The relay chart I seen said it was like 158ohms for the coil of a 120v relay. With that being said the coil will only draw .8 amps . The way I was taught to do VD calculation that tells me I can go up 900' with #12 with that triggering the relay. Once the relay is trigger then the lights is powered off the second circuit which is only 30 feet from the panel.

2*12.9*.8*900/6530=2.8%? with 3% being what the NEC recommends?


----------



## Dark Knight (Jan 6, 2016)

Jason8161 said:


> The relay chart I seen said it was like 158ohms for the coil of a 120v relay. With that being said the coil will only draw .8 amps . The way I was taught to do VD calculation that tells me I can go up 900' with #12 with that triggering the relay. Once the relay is trigger then the lights is powered off the second circuit which is only 30 feet from the panel.
> 
> 2*12.9*.8*900/6530=2.8%? with 3% being what the NEC recommends?


That is correct, yes.


----------



## Achilles (Sep 11, 2014)

I know this is a bit of topic from the OP inquiry.

Would it not be cheaper to simply pull #10 then to bother installing a LV relay system?
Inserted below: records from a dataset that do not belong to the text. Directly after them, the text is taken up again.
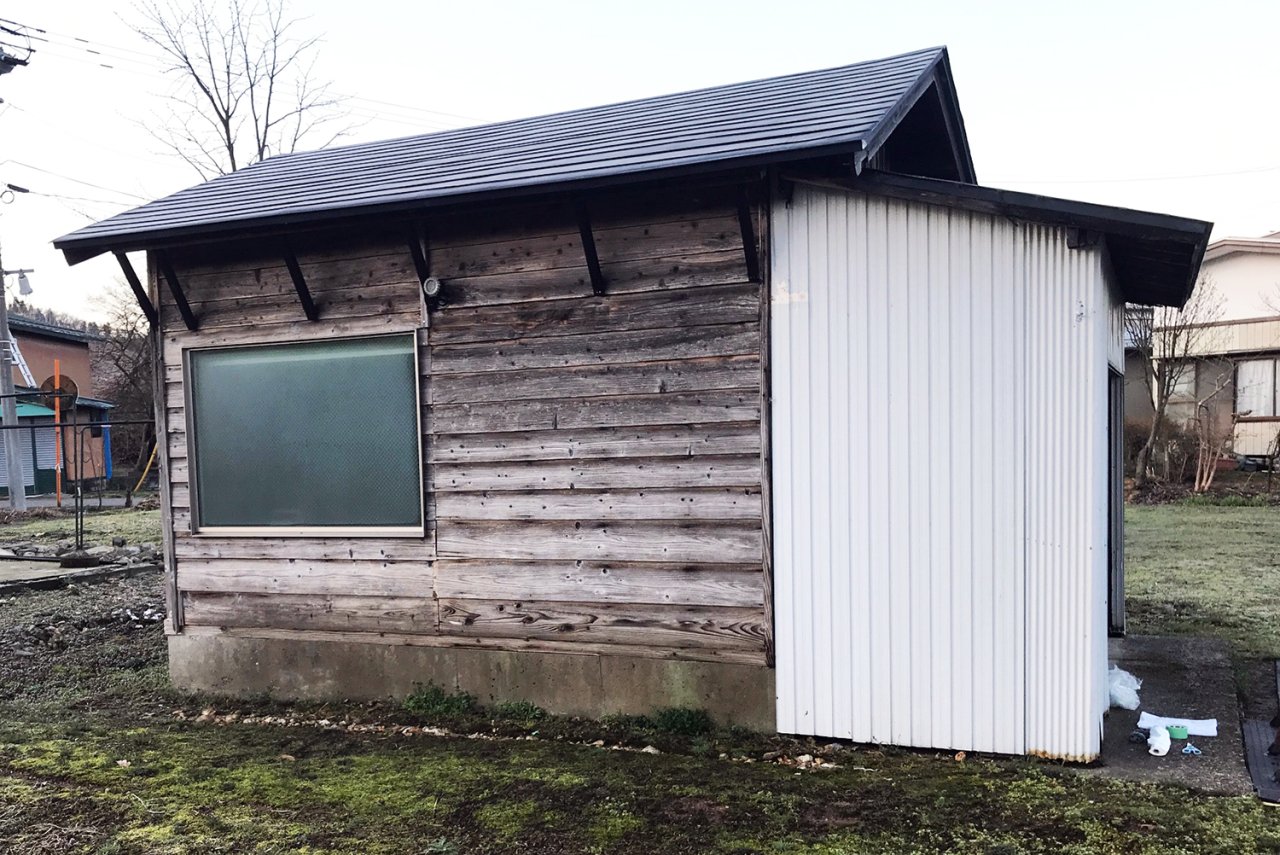 小屋の周りをきれいにかたずけして、脚立が立つかを確認。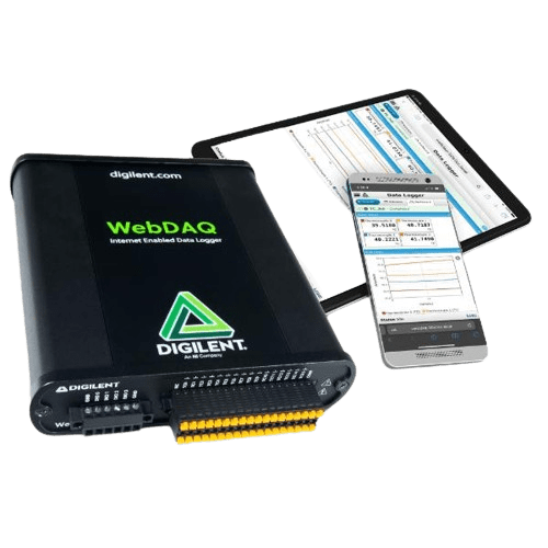 There are three devices in the WebDAQ Series. Devices are available to log multiple signal types including voltage (up to +/-60 V), thermocouples, IEPE-based sensors like accelerometers, current, RTDs, resistance, and bridge-based sensors.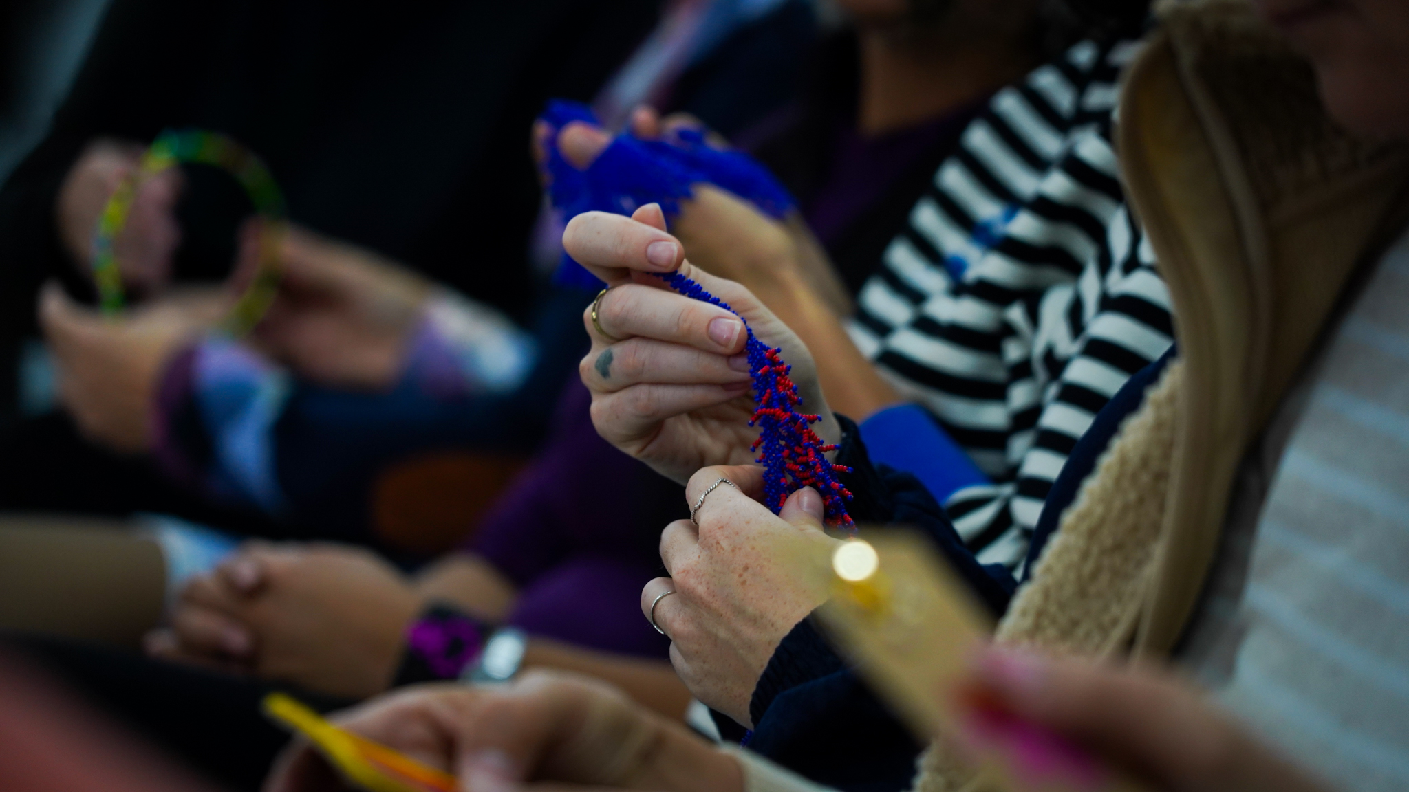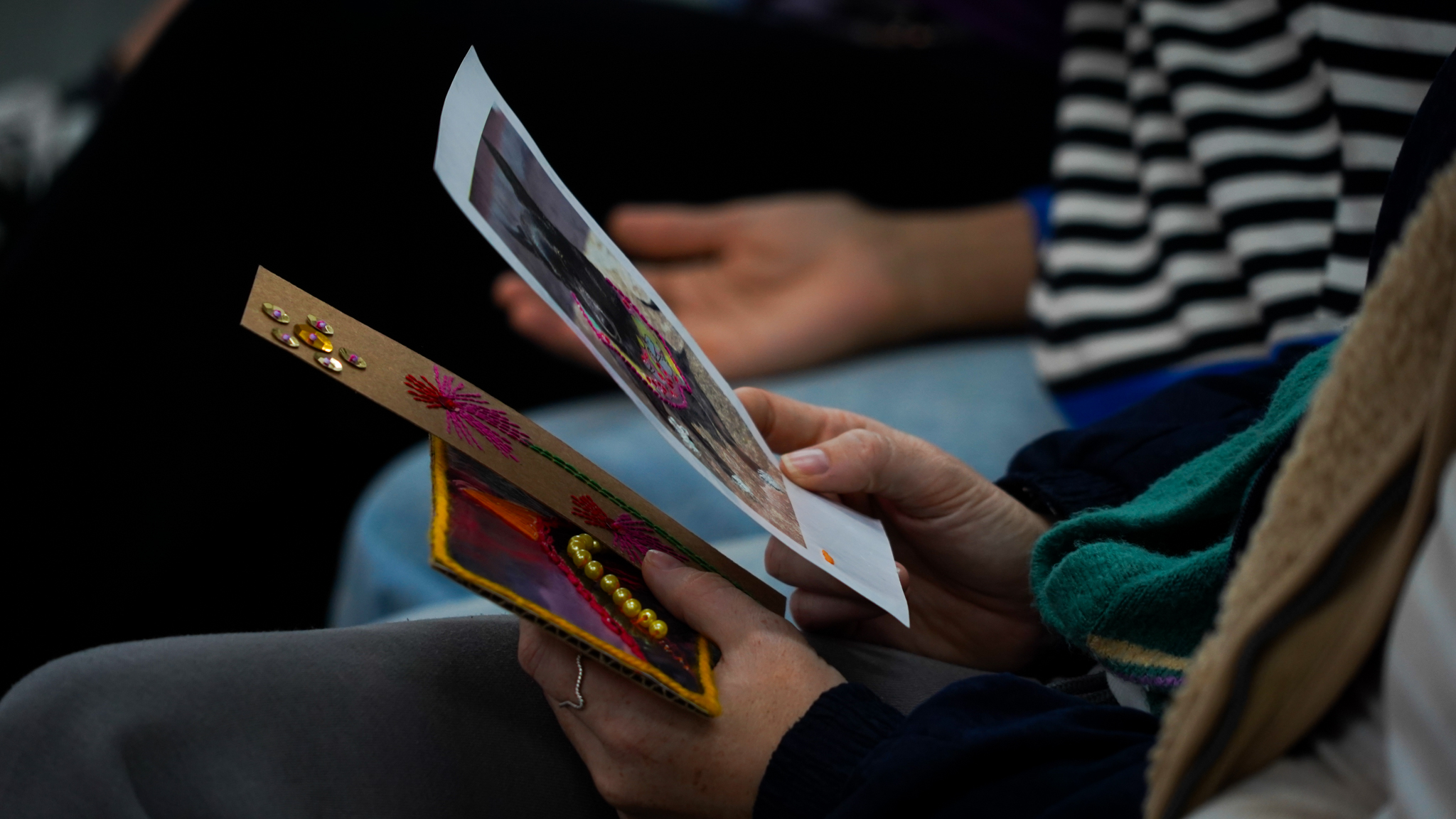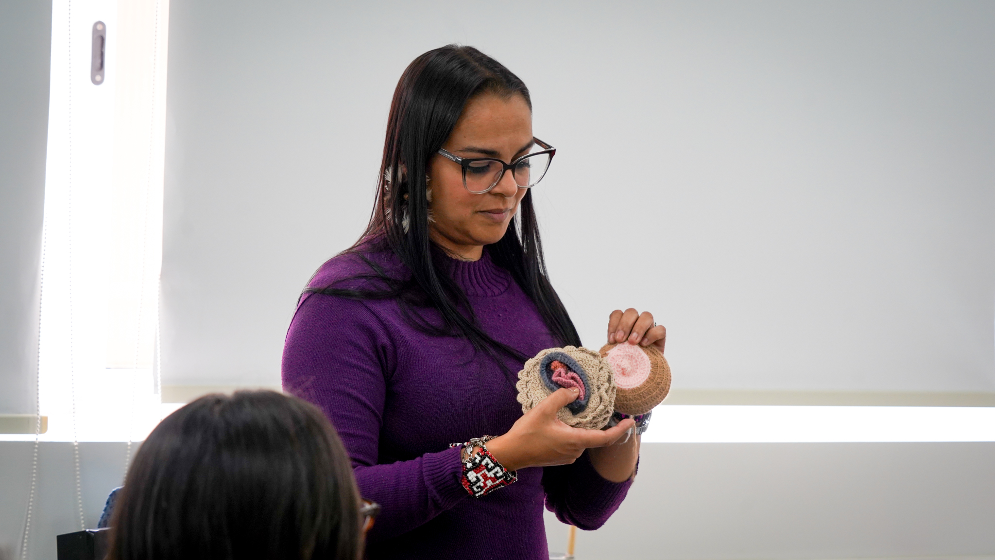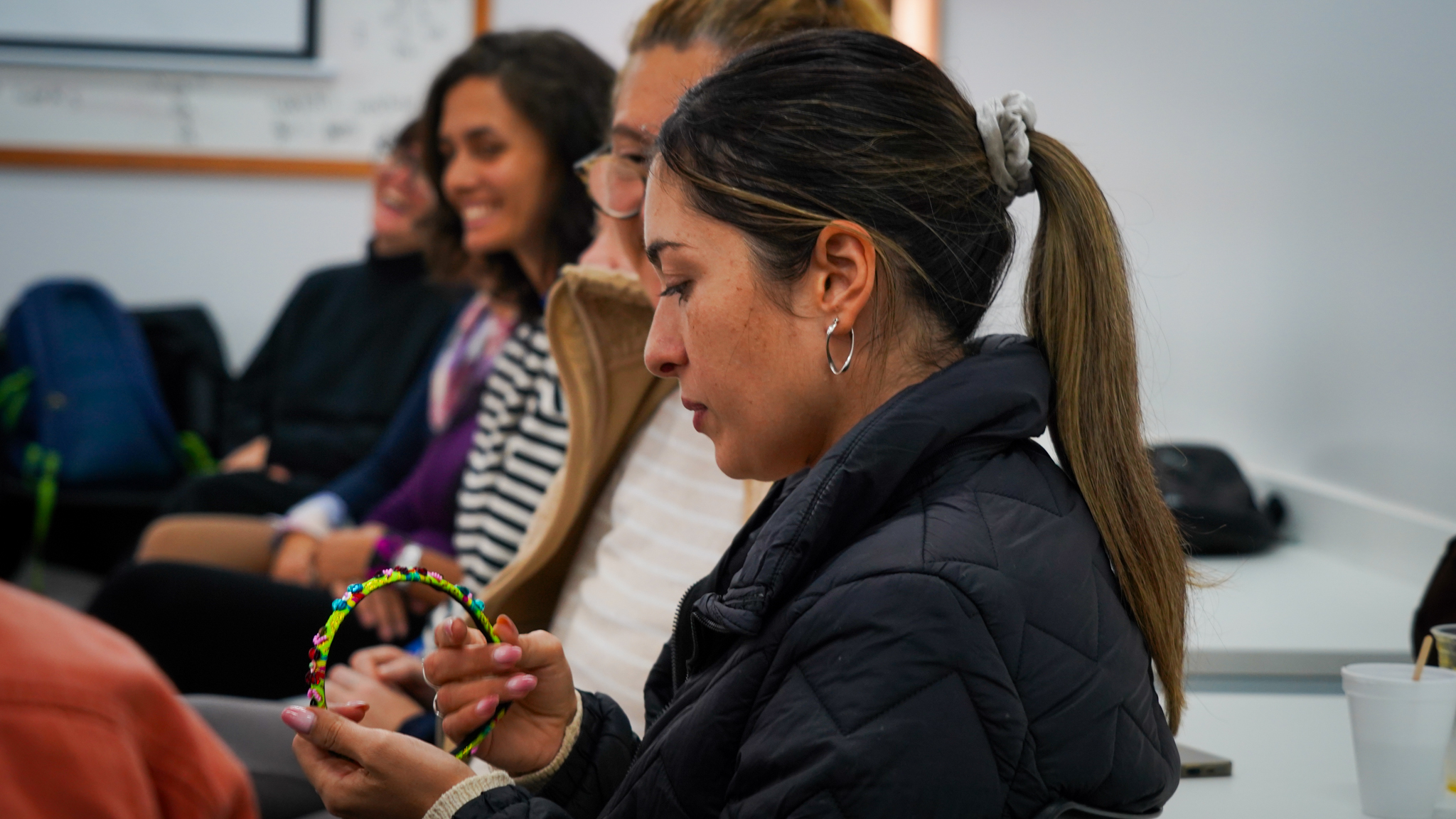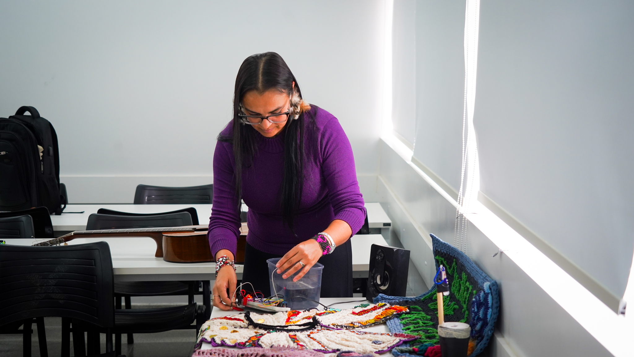Lissette Torres Arévalo compartió sobre su proyecto de posdoctorado, que tiene como objetivo visibilizar a través de talleres de artesanía, las conexiones existentes entre memoria, creación, feminismos y cotidianidad. Explicó cómo funcionan las diversas actividades, que no se centran en sí en las técnicas artesanales como tal, sino en las diferentes posibilidades que estas permiten, incluyendo el abordaje de conversaciones entre mujeres, que surgen como un vínculo más íntimo, cuando se teje y borda en círculos. Ella es parte del Núcleo de Estudios Feministas y de Género, D’GENERUS, de la Universidad Federal de Pelotas, UFPel y su proyecto de post doctorado en Educación, titulado Epistemologías Feministas do Sul: entre fios e miçangas (Epistemologías Feministas del Sur: entre hilos y mostacillas), es financiado por el Consejo Nacional de Desarrollo Científico y Tecnológico, CNPq, de Brasil, a través del proceso 150526/2024-5.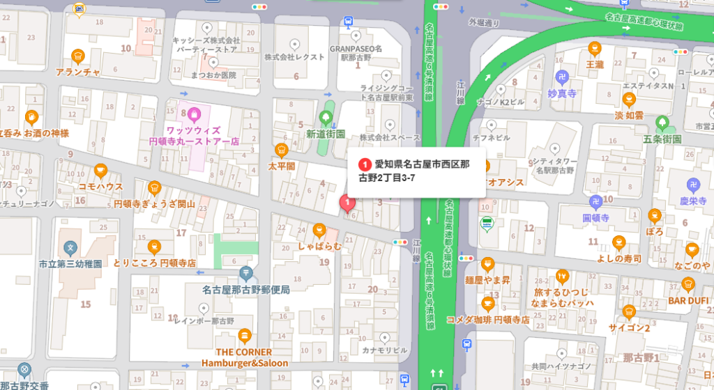 愛知県名古屋市西区那古野2-3-7(最寄駅:国際センター駅)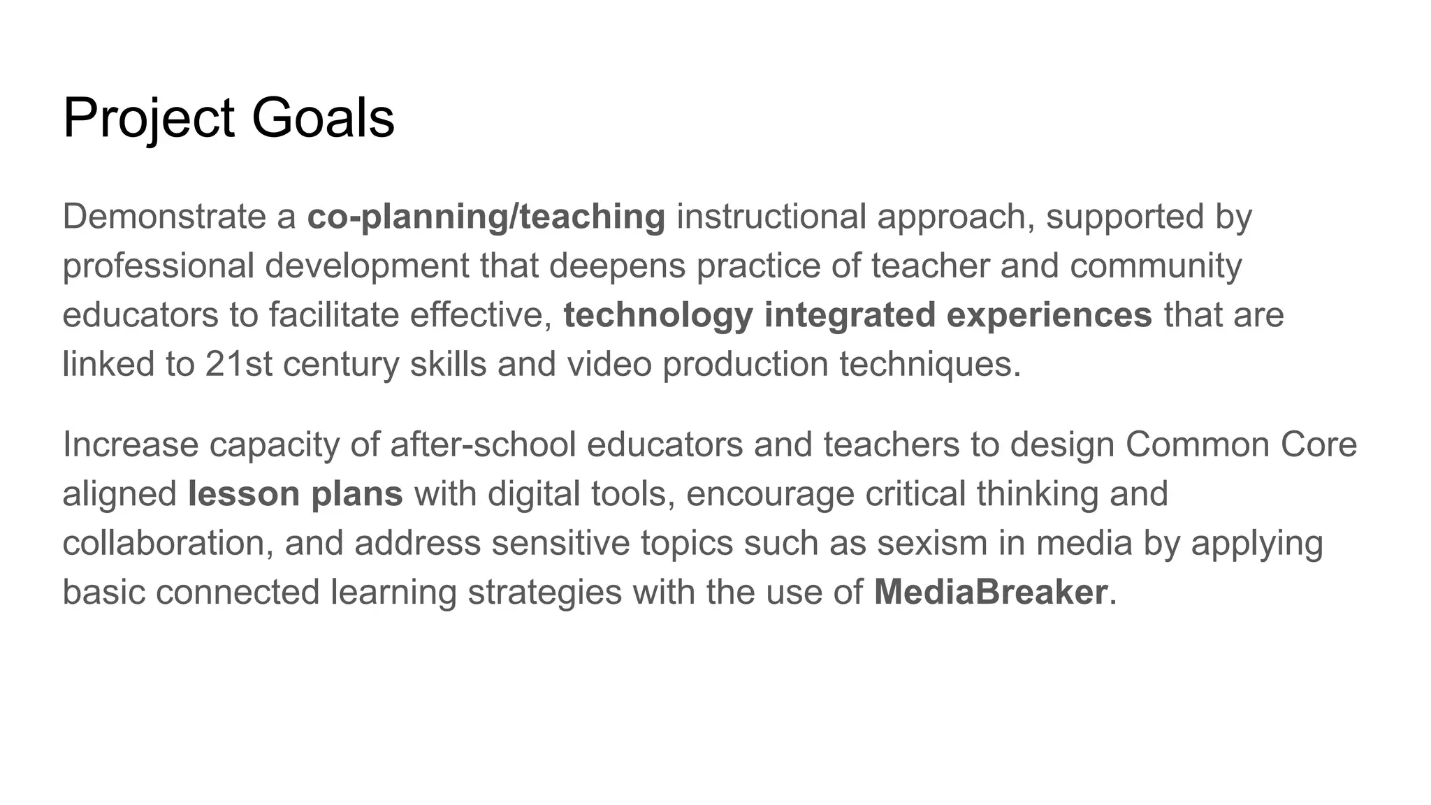 Connect2Tech is working with educators from 5 sites to develop technology-integrated lesson plans aligned to common core standards. The project aims to increase educators' capacity to design lessons using digital tools that encourage critical thinking and address topics like sexism. Educators received training in August and will have coaching visits, with a second training scheduled for October. Lesson plans will be collected during site visits and educators will share stories of lessons on EdModo.

the difference in cost of 500' of #10 vs #12 THHN is about $20

Also depending on the lighting source 5%+ VD should not have a significant impact on functionality


----------



## hardworkingstiff (Jan 22, 2007)

Achilles said:


> Also depending on the lighting source 5%+ VD should not have a significant impact on functionality


Depending on the type of light, it may work just fine with a 10% VD.


----------



## splatz (May 23, 2015)

Achilles said:


> I know this is a bit of topic from the OP inquiry.
> 
> Would it not be cheaper to simply pull #10 then to bother installing a LV relay system?
> 
> ...


No that's a good point. Of course you'd only need #14 (or even smaller) to run a relay with a line voltage coil / primary side, so it's a little more savings, and if it's going in a conduit, you can run them all together. With a relay with low voltage contacts, you can run itty bitty wire, you could run phone wire and it will work. But that might not mean much if you can't put it in the same conduit. 

But really I'd do it wireless.


----------



## MadDawg (Jun 12, 2012)

We have been looking at using low voltage controllers like these:

http://www.wattstopper.com/~/media/...0-series-digital-wall-switches-cut-sheet.ashx

Run a Cat5 ethernet cable to all switches then to the module at the load or loads.

Done.


----------